PMH Atwater: Oh no. We’re talking hundreds here.
Alex Tsakiris: Hundreds you’ve followed into 15-20 years?
PMH Atwater: As much as I could. Now, when I say as much as I could, I’m talking about telephone. I’m talking about email. I’m talking about meeting them again. I’m not talking about going back and having another big session, but I am talking about checking up.
I’m also talking about when I’m doing my work I’m always aiming for different ages and I’m always looking for significant others, because they can tell me how much the person has changed over time. Is it just a little bit? Is it a lot? So I’m not always with the individual; sometimes I’m with their significant others. So I’m always looking at what it is like for people who are 3 years old? What is it like for people who are 7 years old? What is it like for people who are 21 years old?
Alex Tsakiris: And that’s the part I think people would find particularly interesting and surprising. I certainly do. Were you surprised by that “Dark Night of the Soul” kind of thing?
PMH Atwater: Yeah. None of us know it’s coming. Yes, absolutely yes. I was hit, too.
Alex Tsakiris: So you were surprised to see it in yourself as a near-death experiencer, but you were also surprised when it kept popping up with these other folks.
PMH Atwater: Oh yes, yes, yes, a million times yes. You really get caught.
Alex Tsakiris: It’s non-intuitive. It’s counterintuitive. It really is. And that’s delightful. I mean, I love that when science offers up or research offers up little tidbits that go against what we’re expecting the narrative to be. So I don’t even want to speculate. I don’t feel a need to speculate in terms of what that means.
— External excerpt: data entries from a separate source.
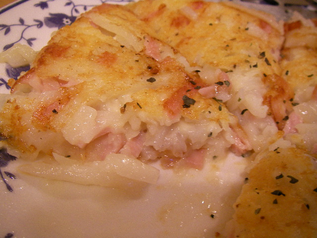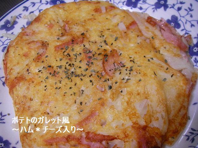 細切り(千切り?)したジャガイモ(あまり細く切ってないけど:汗)を耐熱容器に入れてレンジでチン!なんとなく火が通ったくらいになったら、バターを熱したフライパンで焼きます。細切りハムとチーズ(溶けるタイプのピザ用チーズみたいなの)を加えて、両面こんがりといい色が付くように焼きます。味付けは、軽く塩程度。ブラックペッパーとバジルで風味付け。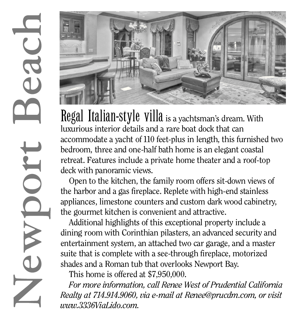 Regal Italian-style villa is a yachtsman’s dream. With luxurious interior details and a rare boat dock that can accommodate a yacht of 110 feet-plus in length, this furnished two bedroom, three and one-half bath home is an elegant coastal retreat. Features include a private home theater and a roof-top deck with panoramic views. Open to the kitchen, the family room offers sit-down views of the harbor and a gas fireplace. Replete with high-end stainless appliances, limestone counters and custom dark wood cabinetry, the gourmet kitchen is convenient and attractive. Additional highlights of this exceptional property include a dining room with Corinthian pilasters, an advanced security and entertainment system, an attached two car garage, and a master suite that is complete with a see-through fireplace, motorized shades and a Roman tub that overlooks Newport Bay. This home is offered at $7,950,000. For more information, call Renee West of Prudential California Realty at 714.914.9060, via e-mail at Renee@prucdm.com, or visit www.3336ViaLido.com.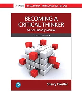 This print textbook is available for students to rent for their classes. The Pearson print rental program provides students with affordable access to learning materials, so they come to class ready to succeed. For courses in Critical Thinking Teach students how to think critically about the things that matter in their lives Becoming a Critical Thinker: A User-Friendly Manual trains students to become critical thinkers, thoughtful decision makers, and confident advocates for their beliefs. To this end, author Sherry Diestler guides readers to develop the skills they’ll need to successfully evaluate the many claims facing them as citizens, learners, consumers, and human beings ― and to become effective advocates for their beliefs. In addition to updated examples, the 7th Edition offers coverage of engaging contemporary topics ― such as how social media affects decision making and how marketers influence consumers ― that will resonate with today’s students.n nnPlease note that by purchasing this product, you will only receive instructor resources related to the book. This product does not include the book itself.nnFormat: Multiple Formats | Language: English | Edition: 7 | Publisher: Pearson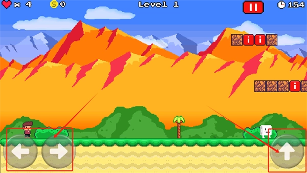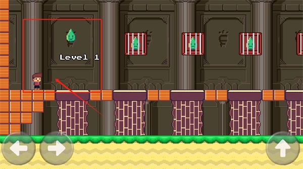3、用底部三个按键控制角色左右移动和跳跃,收集金币和道具闯关。

I just want to make sure that you’ve discovered a little morsel there because I think it’s a really interesting tidbit.
In the time that we have left, tell us what else is going on. You mentioned a little bit about your website, your newsletter. Tell us a little bit about how people can learn more about what you’re doing, have done, and continue to do.
PMH Atwater: Well, certainly that’s on my website, which is www.pmhatwater.com. If people want to sign up for the free newsletter they’re certainly welcome to.
My hope is that we look at near-death experiences more openly and more broadly and not jump to conclusions. Not make a lot of assumptions.
Alex Tsakiris: Great. It’s certainly a very interesting angle on a very, very important topic. You’re to be commended for all your great work and contributions to this field. Thanks so much for joining me today, PMH.
PMH Atwater: Thank you for having me!